→ The data
⟨
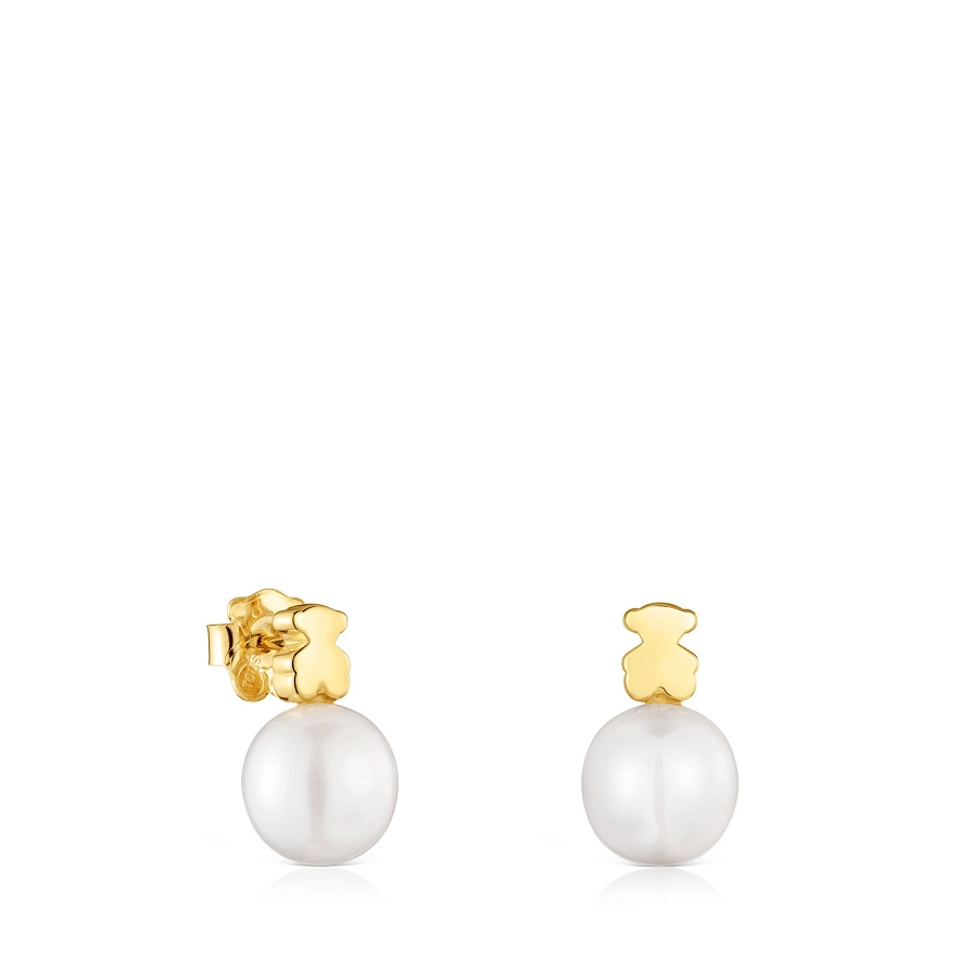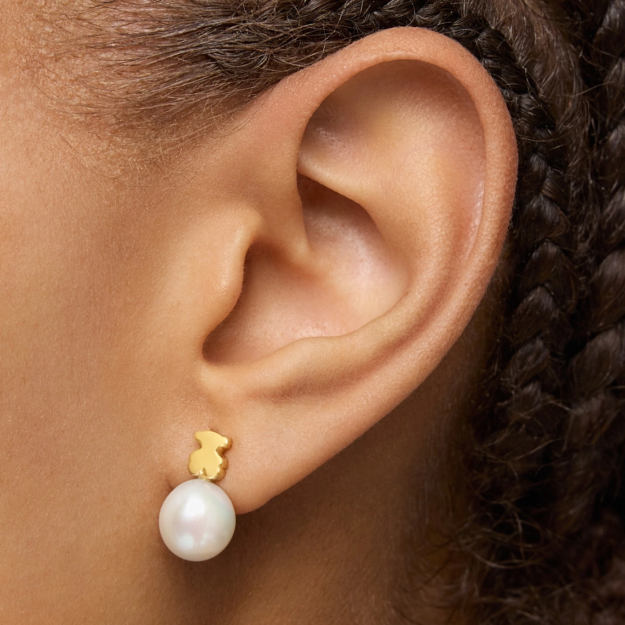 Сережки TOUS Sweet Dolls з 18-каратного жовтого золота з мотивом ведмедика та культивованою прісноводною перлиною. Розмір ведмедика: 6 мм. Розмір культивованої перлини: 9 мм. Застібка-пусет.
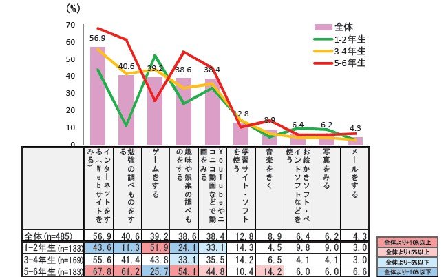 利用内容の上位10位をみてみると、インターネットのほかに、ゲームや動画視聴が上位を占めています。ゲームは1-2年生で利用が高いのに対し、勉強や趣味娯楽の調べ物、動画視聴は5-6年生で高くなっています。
⟩
⟨
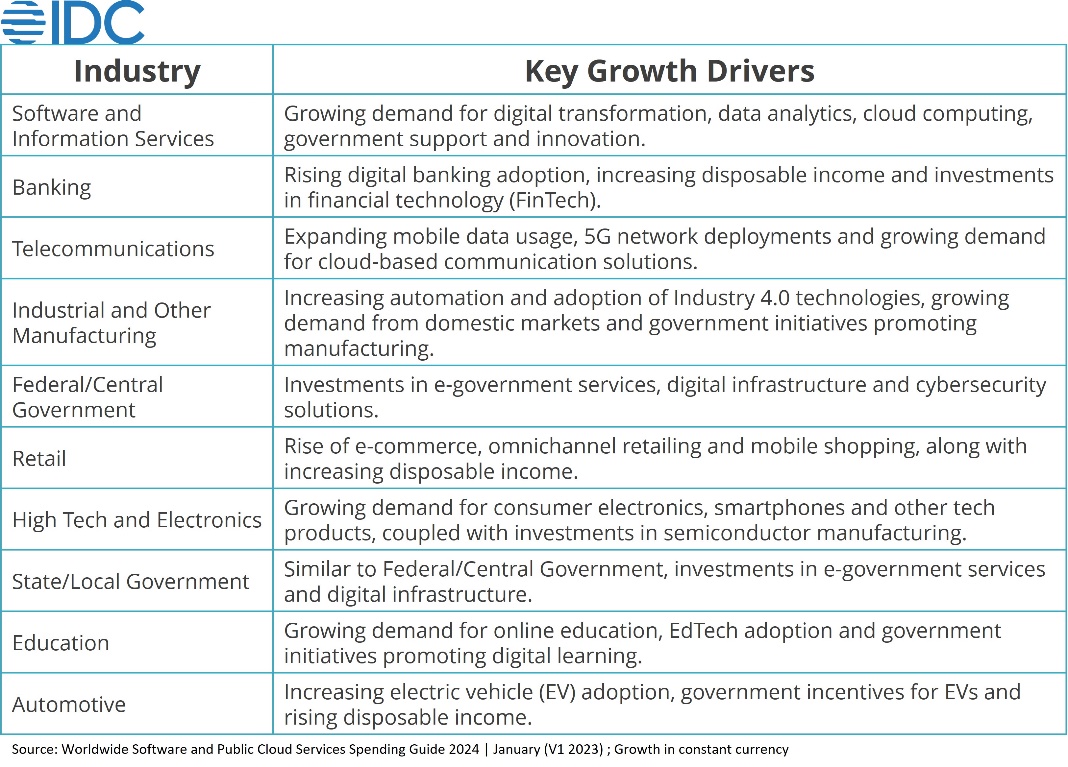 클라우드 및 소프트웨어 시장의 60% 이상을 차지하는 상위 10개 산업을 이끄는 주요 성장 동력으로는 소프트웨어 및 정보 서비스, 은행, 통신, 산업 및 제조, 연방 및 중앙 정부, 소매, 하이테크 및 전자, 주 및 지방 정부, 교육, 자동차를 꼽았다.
⟩
⟨
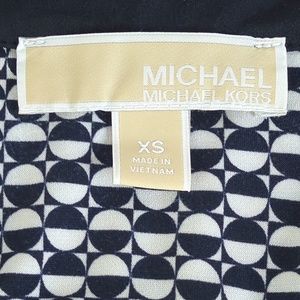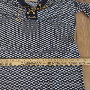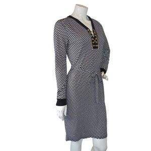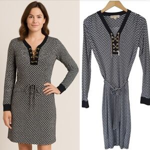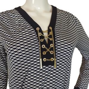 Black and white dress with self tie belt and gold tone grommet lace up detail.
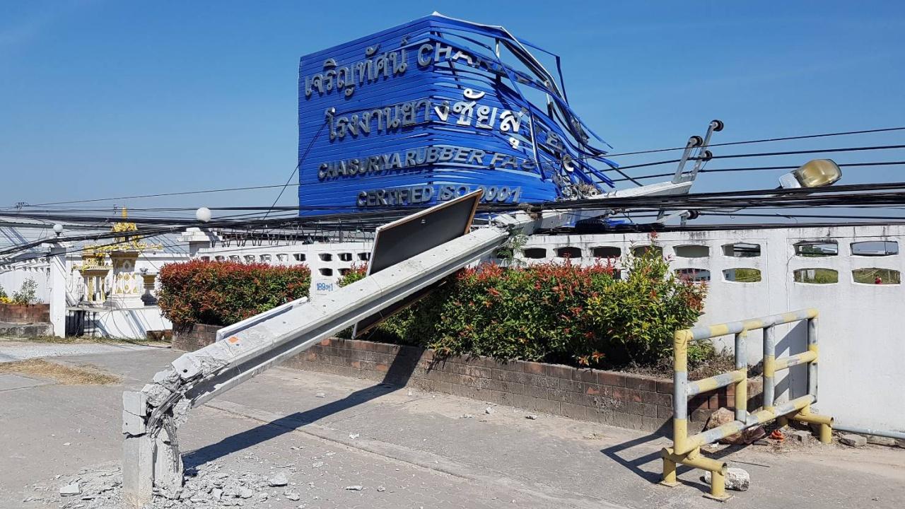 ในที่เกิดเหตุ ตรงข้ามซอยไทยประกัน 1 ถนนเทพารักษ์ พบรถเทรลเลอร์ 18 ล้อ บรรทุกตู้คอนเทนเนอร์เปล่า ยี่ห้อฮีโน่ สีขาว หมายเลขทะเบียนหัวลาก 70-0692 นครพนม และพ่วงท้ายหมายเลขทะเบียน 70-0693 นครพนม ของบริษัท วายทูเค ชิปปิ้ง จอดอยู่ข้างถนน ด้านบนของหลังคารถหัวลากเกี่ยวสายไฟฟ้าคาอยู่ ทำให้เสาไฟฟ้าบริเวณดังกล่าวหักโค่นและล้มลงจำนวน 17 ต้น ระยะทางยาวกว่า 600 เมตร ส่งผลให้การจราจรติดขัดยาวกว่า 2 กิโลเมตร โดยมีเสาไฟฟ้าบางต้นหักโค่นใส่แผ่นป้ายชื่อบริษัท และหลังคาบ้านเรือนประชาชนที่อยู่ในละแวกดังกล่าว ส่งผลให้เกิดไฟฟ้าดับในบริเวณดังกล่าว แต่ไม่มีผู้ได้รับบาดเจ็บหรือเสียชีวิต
⟩
→ Problem to work on
Once the line with "Сережки TOUS Sweet" is found above, transcribe each line from it through the line with "利用内容の上位10位をみてみ", exactly, and omit the pictures.

→ The completed task
 Сережки TOUS Sweet Dolls з 18-каратного жовтого золота з мотивом ведмедика та культивованою прісноводною перлиною. Розмір ведмедика: 6 мм. Розмір культивованої перлини: 9 мм. Застібка-пусет.
 利用内容の上位10位をみてみると、インターネットのほかに、ゲームや動画視聴が上位を占めています。ゲームは1-2年生で利用が高いのに対し、勉強や趣味娯楽の調べ物、動画視聴は5-6年生で高くなっています。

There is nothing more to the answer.